Given material
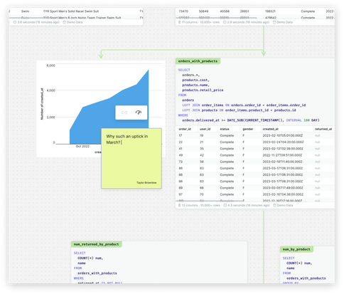One of the key features of Count from day one has been the ability to chain queries together through cells. This allowed us to build up complex pieces of logic step-by-step in the canvas, all the while making sure it was annotated and easy for others to follow.
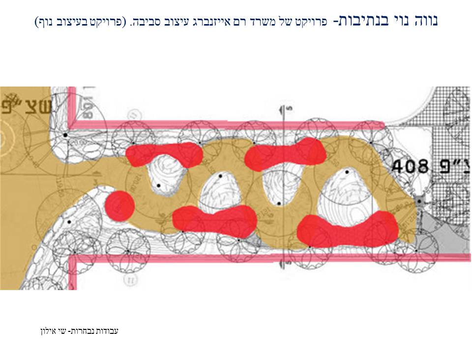 פרויקט של משרד "רם איזנברג עיצוב סביבה". תכנון השכונה נתן מענה לילדים שילכו בעתיד דרך המעבר התת קרקעי, לקרית החינוך המתוכננת בשכונת החורש שמעבר לכביש הראשי.
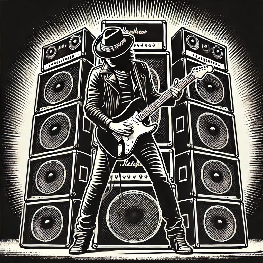Our speaker matches this power, it is 15W. As you can see in the graph Fig3 in the theoretical background, the output voltage cannot be higher than the supply voltage. Therefore, if the gain is high around 100 as in the design, then in the specified items when the amplitude is about 150mV the output voltage should be 15V which is above the supply voltage of 12V minus the voltage falling on the transistor Vcc – Vce sat. Therefore, in this situation there will be a reduction in the output voltage which means that it will not be like the original voltage and it will be distorted. But distortion is good for us in certain situations. In music this is called overdrive which sounds like a loud and aggressive growling sound. This is an effect that became common in rock music and gives the music the sound of rock. This was first introduced by legendary guitarist Jimi Hendrix who came to London in 1966 and connected to a Marshall amplifier. Then he raised every knob on the amplifier to maximum and strummed.

What is expected
Line by line, give the material above again exactly, but without any pictures.

Response to the task
One of the key features of Count from day one has been the ability to chain queries together through cells. This allowed us to build up complex pieces of logic step-by-step in the canvas, all the while making sure it was annotated and easy for others to follow.
 פרויקט של משרד "רם איזנברג עיצוב סביבה". תכנון השכונה נתן מענה לילדים שילכו בעתיד דרך המעבר התת קרקעי, לקרית החינוך המתוכננת בשכונת החורש שמעבר לכביש הראשי.
Our speaker matches this power, it is 15W. As you can see in the graph Fig3 in the theoretical background, the output voltage cannot be higher than the supply voltage. Therefore, if the gain is high around 100 as in the design, then in the specified items when the amplitude is about 150mV the output voltage should be 15V which is above the supply voltage of 12V minus the voltage falling on the transistor Vcc – Vce sat. Therefore, in this situation there will be a reduction in the output voltage which means that it will not be like the original voltage and it will be distorted. But distortion is good for us in certain situations. In music this is called overdrive which sounds like a loud and aggressive growling sound. This is an effect that became common in rock music and gives the music the sound of rock. This was first introduced by legendary guitarist Jimi Hendrix who came to London in 1966 and connected to a Marshall amplifier. Then he raised every knob on the amplifier to maximum and strummed.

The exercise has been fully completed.